- _Aim of the task_:
Set down a faithful copy of every record below, with no images.

- _The data_:

╔══

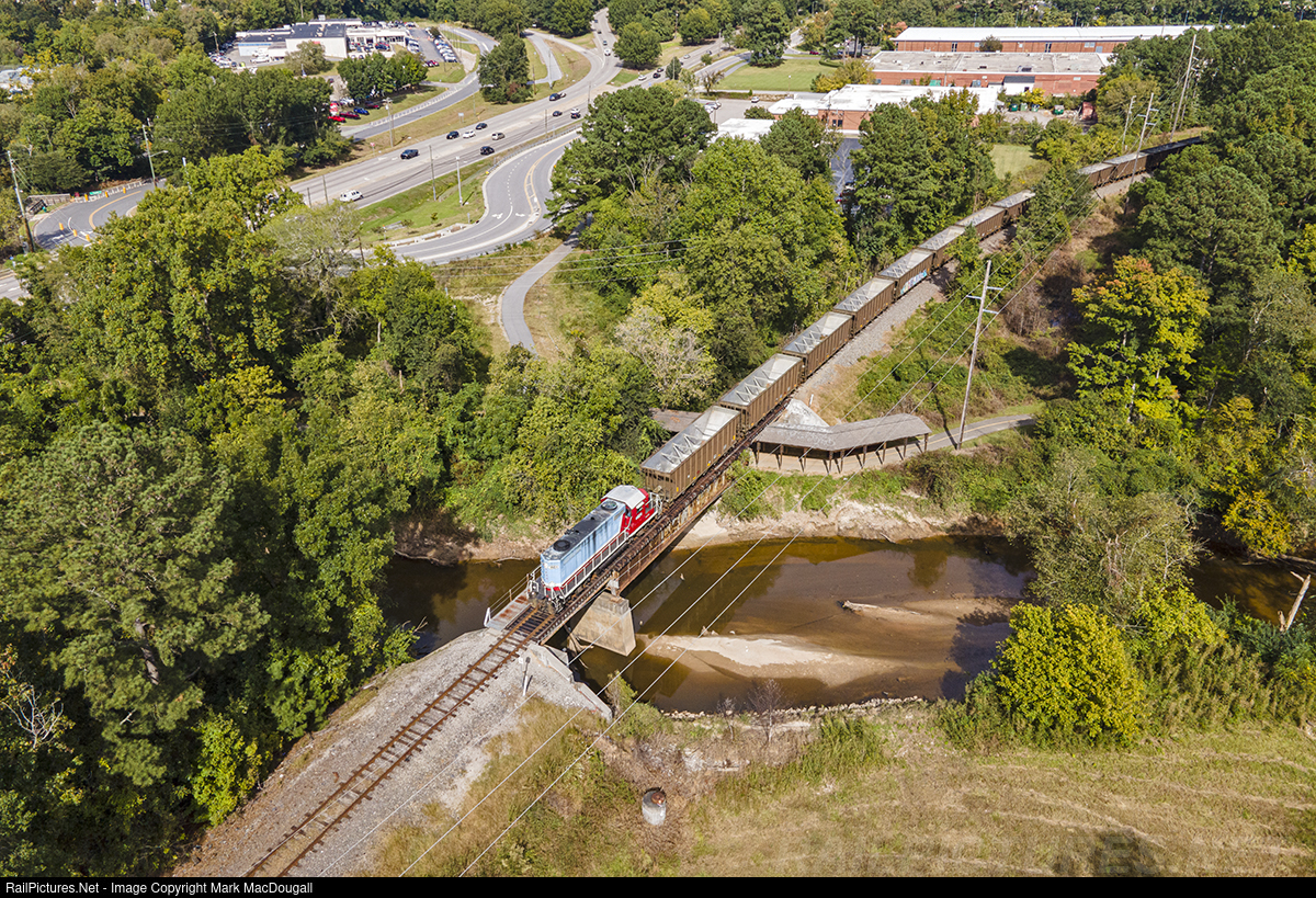 A Carolina Coastal empty coal train crosses Crabtree Creek with a single GP9 for power. The cars are being removed from storage on the former NS main.
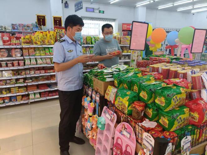 执法人员检查食品保质期。马焕君 摄
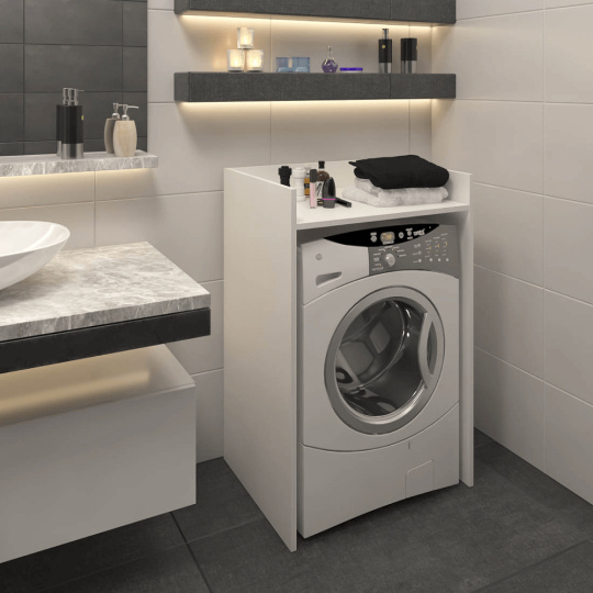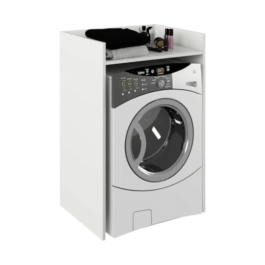Materiál: laminovaná DTD Barva: bílá Rozměry (ŠxHxV): 64x50x97,5 cm Prostor pro pračku (ŠxV): 60,8x86,4 cm Tloušťka materiálu: 1,6 cm Nosnost vrchní desky: 10 kg Postavena na kluzácích Doporučujeme připevnit ke zdi Kvalitní slovenský výrobek Dodáváno v demontu
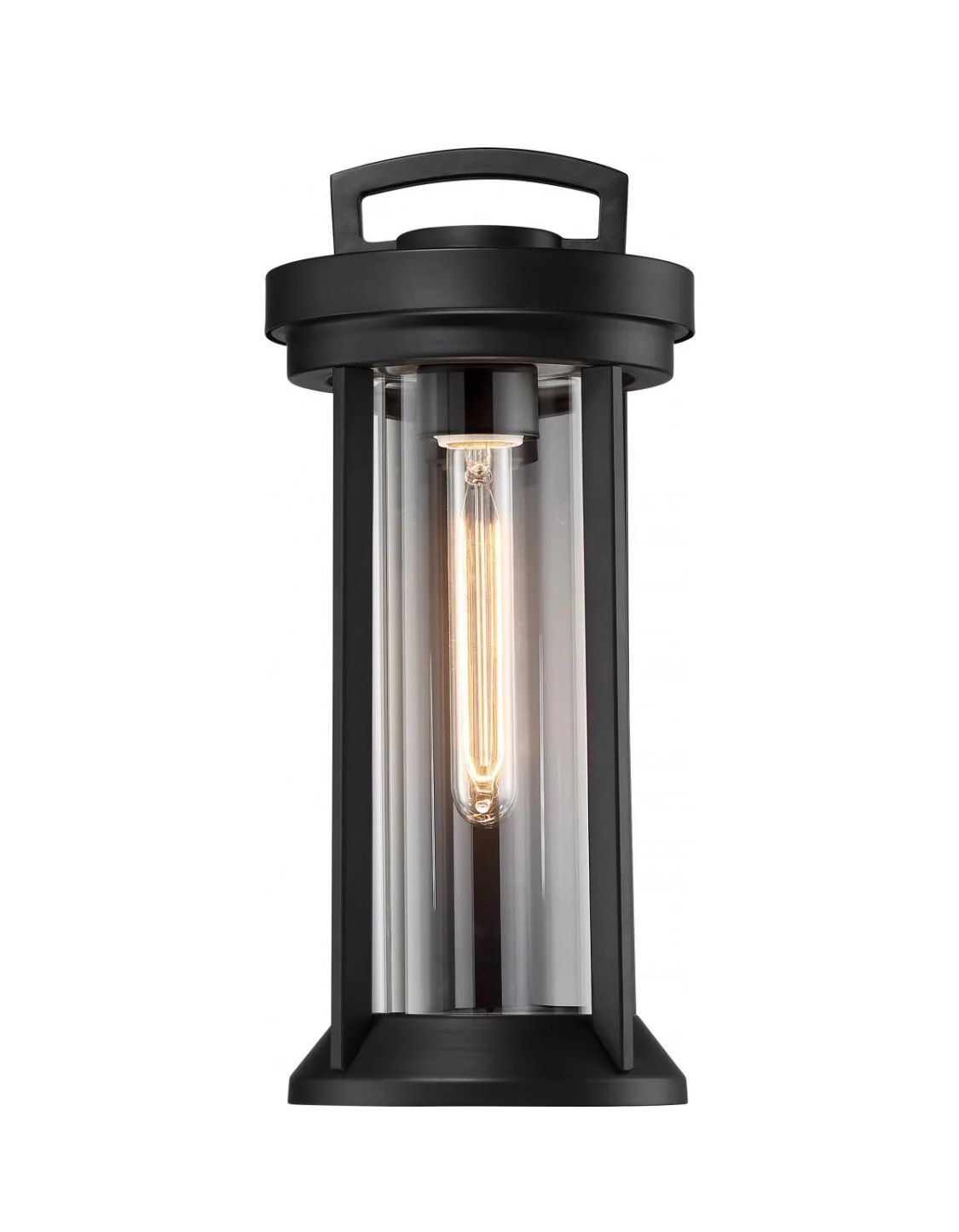 Uses one 60 watt vintage style incandescent medium base bulb, included Fixture measures 15.5 inch height, inch width, 8 inch extension and is comprised of steel and glass For outdoor use in wet locations with standard 120 voltage Applications suitable for home exterior Easy to install with included instructions and mounting hardware Dust lightly with a soft cloth for easy cleaning
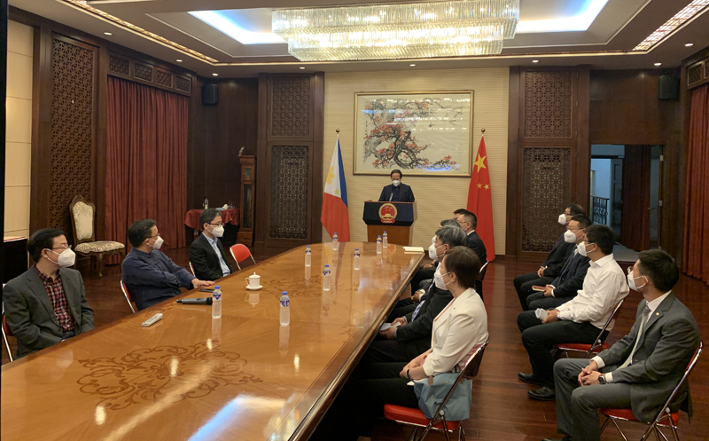 與會中資企業(yè)代表積極回應,表示使館在抗疫關鍵時期組織此次活動意義非凡,令人倍受鼓舞,倍感振奮。在菲中資企業(yè)將繼續(xù)在使館的指導下,團結一心,積極作為,踐行責任擔當,為當?shù)乜挂叨窢幒蛷凸彤a(chǎn)貢獻力量。

╚══

- _Output below_:
 A Carolina Coastal empty coal train crosses Crabtree Creek with a single GP9 for power. The cars are being removed from storage on the former NS main.
 执法人员检查食品保质期。马焕君 摄
Materiál: laminovaná DTD Barva: bílá Rozměry (ŠxHxV): 64x50x97,5 cm Prostor pro pračku (ŠxV): 60,8x86,4 cm Tloušťka materiálu: 1,6 cm Nosnost vrchní desky: 10 kg Postavena na kluzácích Doporučujeme připevnit ke zdi Kvalitní slovenský výrobek Dodáváno v demontu
 Uses one 60 watt vintage style incandescent medium base bulb, included Fixture measures 15.5 inch height, inch width, 8 inch extension and is comprised of steel and glass For outdoor use in wet locations with standard 120 voltage Applications suitable for home exterior Easy to install with included instructions and mounting hardware Dust lightly with a soft cloth for easy cleaning
 與會中資企業(yè)代表積極回應,表示使館在抗疫關鍵時期組織此次活動意義非凡,令人倍受鼓舞,倍感振奮。在菲中資企業(yè)將繼續(xù)在使館的指導下,團結一心,積極作為,踐行責任擔當,為當?shù)乜挂叨窢幒蛷凸彤a(chǎn)貢獻力量。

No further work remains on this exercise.